In formula (1), R ⁴ and R ⁵ may combine with each other to form a ring. There is no particular limitation on the structure of the ring. For example, the number of ring members is not particularly limited. When R ⁴ and R ⁵ are bonded to each other to form a ring, the number of ring members is usually a 4- to 10-membered ring including the nitrogen atom to which R ⁴ and R ⁵ are bonded, preferably 5 to 5 It can be an 8-membered ring. The ring may contain a hetero atom (oxygen atom, nitrogen atom, sulfur atom, etc.) in the structure. The ring may have other substituents. The ring may have an unsaturated bond in the structure.

Specific examples of the ring formed by combining R ⁴ and R ⁵ with each other are shown below. Specific examples of the ring include a 5-membered ring structure formed by a tetramethylene group, a 6-membered ring structure formed by a pentamethylene group, a 7-membered ring structure formed by a hexamethylene group, and a heptamethylene group. An 8-membered ring structure formed by Moreover, as a structure containing a hetero atom in a ring structure, the structure (morpholyl group) containing an oxygen atom is mentioned, for example.

R ^{1 to} R ⁵ may all be the same group or may be partially or all different groups. For example, R ² and R ³ may be the same group or different groups. R ^{1 to} R ³ may all be the same group. Among R ^{1 to} R ³ , R ² and R ³ may be the same group, and R ¹ may be a different group. R ⁴ and R ⁵ may be the same group or different groups.

There is no particular limitation on the specific structure of R ^{1 to} R ⁵ . As specific structures of R ^{1 to} R ⁵ , for example, the structures exemplified above can be appropriately combined and employed as necessary.

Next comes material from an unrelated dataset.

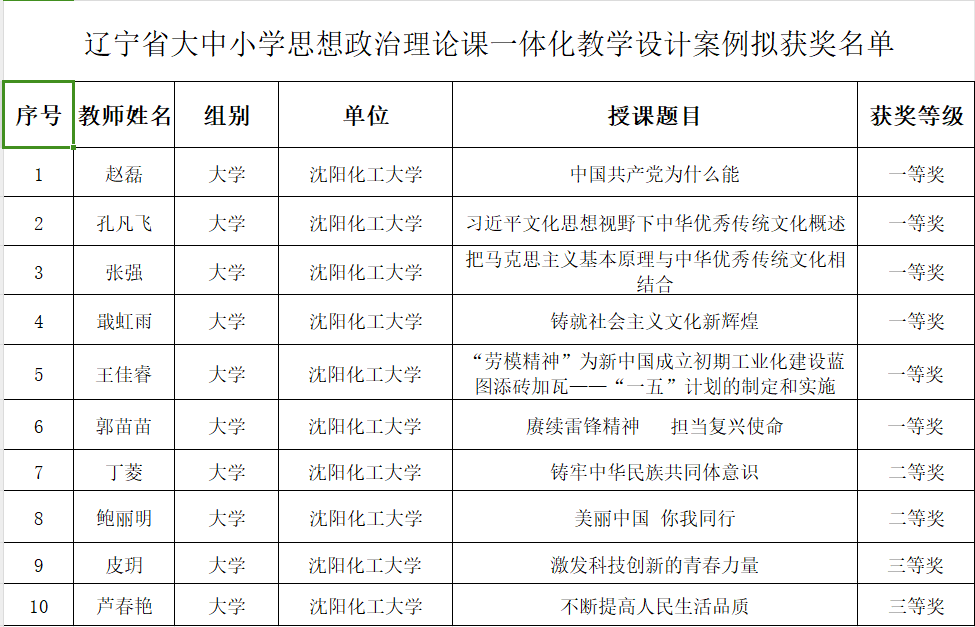 近日,辽宁省“大中小学思政课一体化建设”专题教学设计案例评选活动获奖名单揭晓,taptap马克思主义学院教师提交的专题教学设计教案共获得一等奖6项、二等奖2项、三等奖2项,取得了近年来省内教学案例比赛的最好成绩。

R ¹ can be, for example, an alkyl group, an arylalkyl group, or an arylalkenyl group. Examples of the alkyl group include the alkyl groups described above, particularly methyl group, ethyl group, n-propyl group, i-propyl group, n-butyl group, i-butyl group, sec-butyl group, and t- It can be a butyl group. Examples of the arylalkyl group include the arylalkyl groups described above, in particular, a benzyl group, and o-, m-, and p-alkoxybenzyl groups (such as a methoxybenzyl group and an ethoxybenzyl group). . R ¹ is an alkyl group, an aryl group, an arylalkyl group, or an arylalkenyl group, and can be a group different from either or both of R ² and R ³ .

R ² and R ³ can each independently be an aryl group or a cycloalkyl group, for example. The aryl group can be a phenyl group or a group represented by any of the following formulas (4a) to (4e). A phenyl group or a group represented by the formula (4a) or (4b) can be preferably used. In the formula (4a), R ¹⁰ is a monovalent hydrocarbon group. R ¹¹ is a hydrogen atom or a monovalent hydrocarbon group. Regarding the contents of the monovalent hydrocarbon group, explanations of R ^{1 to} R ⁵ are appropriate.

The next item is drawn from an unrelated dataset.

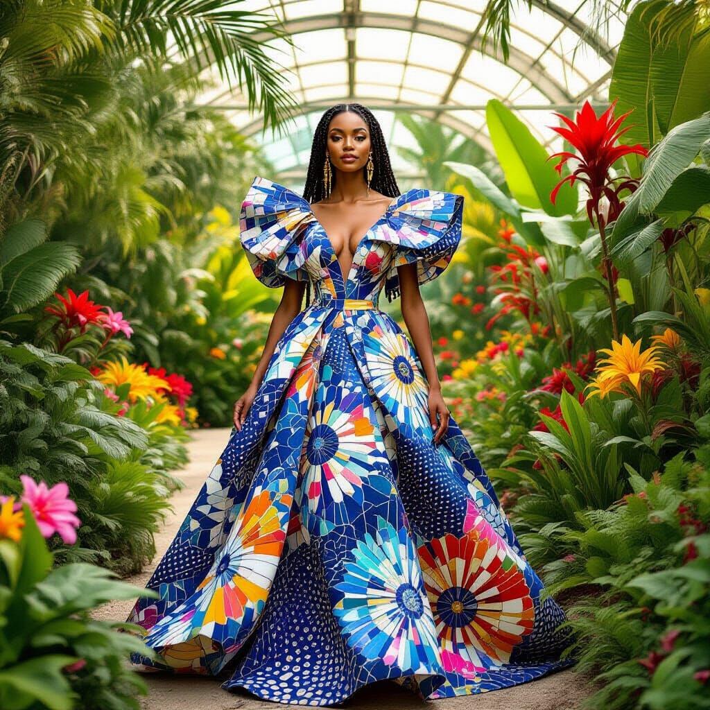 A striking picture of a Black woman in a sculptural gown, showcasing Shibori dyeing and African geometric elements. The scene is set in a lush botanical garden with soft, diffused light and Art Deco elegance.

When R ¹⁰ and R ¹¹ are both monovalent hydrocarbon groups, R ¹⁰ and R ¹¹ may be bonded to each other to form a ring. There is no particular limitation on the structure of the ring. The ring may be a saturated ring or an unsaturated ring. Examples of the ring structure include an alicyclic structure having usually 4 to 8, more preferably 5 to 8, more preferably 6 to 8 carbon atoms. Specific examples of the ring include a cyclohexane structure. Specific examples of the group represented by the formula (4a) in which R ¹⁰ and R ¹¹ are bonded to each other to form a ring include a 1,2,3,4-tetrahydronaphthyl group and derivatives thereof. .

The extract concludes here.